Gemini 3.1 Deep Research

"The firm must accept that it is a consumer of AI technology, not a developer of AI orchestration frameworks."

Strongest on the identity crisis and on Graphify as the fact store. The lone vote to migrate to Hermes.

Grok 4.3

"The agent is routinely asked to produce financial numbers without the source documents in context. Fabrication is the predictable result."

The only auditor to name the upstream cause: no grounding data present at generation time. Detection treats the symptom.

GPT-5.4

"You are letting a noisy detector write policy. False positives are promoted into guardrails and streaks. The machine teaches itself from garbage."

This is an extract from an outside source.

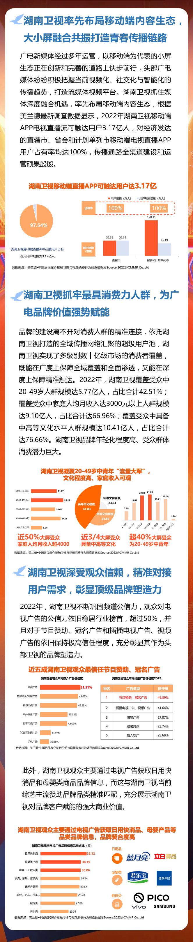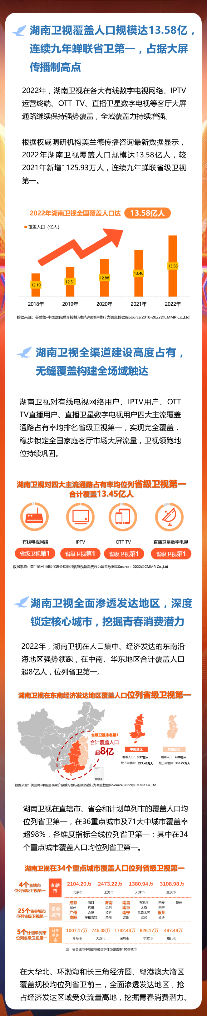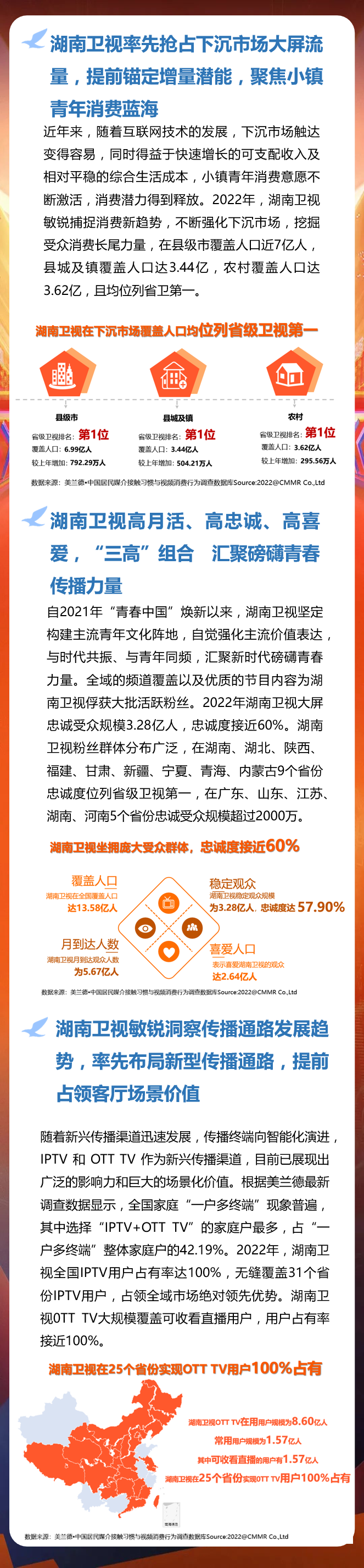 【流媒体网】摘要:湖南卫视跨越市场周期,在高质量建设具有强大引领力、传播力、影响力的主流新媒体道路上,牢牢捍卫省级卫视第一,全国覆盖规模省卫九连冠。

Also caught that source-shaped syntax (backticks, "per Ace") satisfies the gate without real evidence, so the hook trains bypass behavior.

Woz (built it)

"Every control here is maintained by the same agent it is supposed to constrain. The fact file, the parser, the streak counter: no independent referee. That is why they drift and freeze silently."

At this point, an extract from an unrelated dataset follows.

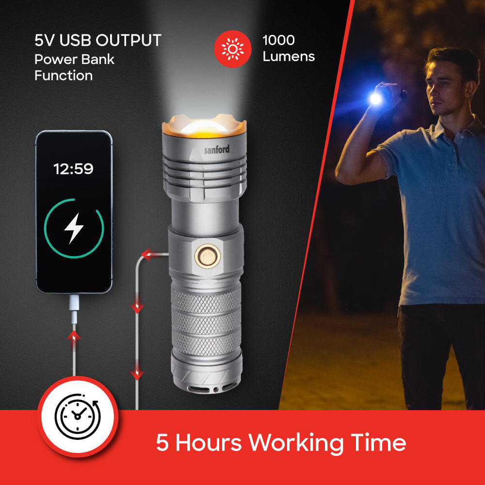 Ang Sanford 20W LASER LED Flashlight ay isang high-performance, masungit na tool sa pag-iilaw na ginawa para sa matinding tibay at versatility. Nagtatampok ng hindi nababasag na aerospace-grade aluminum body, isang malakas na 20W LASER LED, at dalawahang 3.7V 9000mAh Li-ion na baterya (18650 x 2), ang flashlight na ito ay naghahatid ng pambihirang liwanag at pagiging maaasahan. Sa pag-zoom function nito, maramihang lighting mode, at kahanga-hangang 2800-meter range, perpekto ito para sa mga outdoor adventure, emergency, at propesyonal na paggamit. Bukod pa rito, ang 5V USB output power bank function nito ay nagdaragdag ng karagdagang utility sa pamamagitan ng pagpapahintulot sa iyong mag-charge ng mga device on the go.

The verified failures (default-true blocked column, unparsed hard_rules, self-contradicting registry) are all symptoms of self-refereeing.

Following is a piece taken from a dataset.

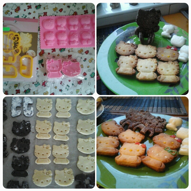 Торт и капкейки буду заказывать у кондитера. Печеньки с изображением Китти буду печь сама для деток, ну и для взрослых.Вот на этой неделе пробовала, вроде бы все получилось.

The synthesis: what to actually build

Four auditors, one converged design. Grok found the cause, GPT found the cleanest cure, Gemini supplied the discipline, and the live checks confirm the failure modes. This is the least-bloat version of all four:

1
Turn off the hook as a chat blocker, today.Delete FACT REGISTRY live enforcement, the completion / identity / temporal regex, and the streak + guardrails shadow pipeline. Keep only an outbound-surface check. This stops the daily denial-of-service on normal work.
2
Two lanes.Chat lane: no blocking, just the honesty prompt (facts vs assumptions, say "I don't know", ask for the source). Publish lane (lender packet, external email): no free-typed numbers.
3
One evidence ledger per outbound document.Each critical number carries value, unit, source file, and page or cell. The draft is rendered from the ledger. A missing number stays "unknown", never a guess. A deterministic check confirms every number in the document maps to a ledger entry before send. replaces the regex hook and the JSON registry
4
Load the source before asking for the number.Grok's point. Most fabrications happen because the OM or STR file was not in context. Make the source document a precondition of the task, not an afterthought.
5
One honest metric, no autonomous self-improvement.Track confirmed outbound errors and human corrections, not hook hits. Rename the lie log: separate "detector alert" from "confirmed fabrication". Weekly manual review tweaks the prompt. No self-rewriting guardrails on contaminated signals.
6
Freeze the platform for 30 days.Stay on OpenClaw. Hermes does not fix Claude Code hooks unless you abandon the Claude Code loop entirely, which is a real migration with its own regressions. Gemini 3.1 dissents and favors a planned migration, but even it concedes the benefit only lands if you drop the Claude Code loop. Fix the workflow first, then pilot Hermes on one low-risk job only if the maintenance burden still hurts.

From the intel feed, the external independent reviewer survives every review and becomes the outbound check. Two items split the panel: Gemini 3.1 keeps Graphify as the new fact store while GPT and I say deal numbers do not live in a code graph; and GPT and I keep least-privilege tools as baseline safety while Gemini calls them bloat for this problem. Grill-me is bloat by unanimous vote. The hoard itself should become a decision register with a decide-by date.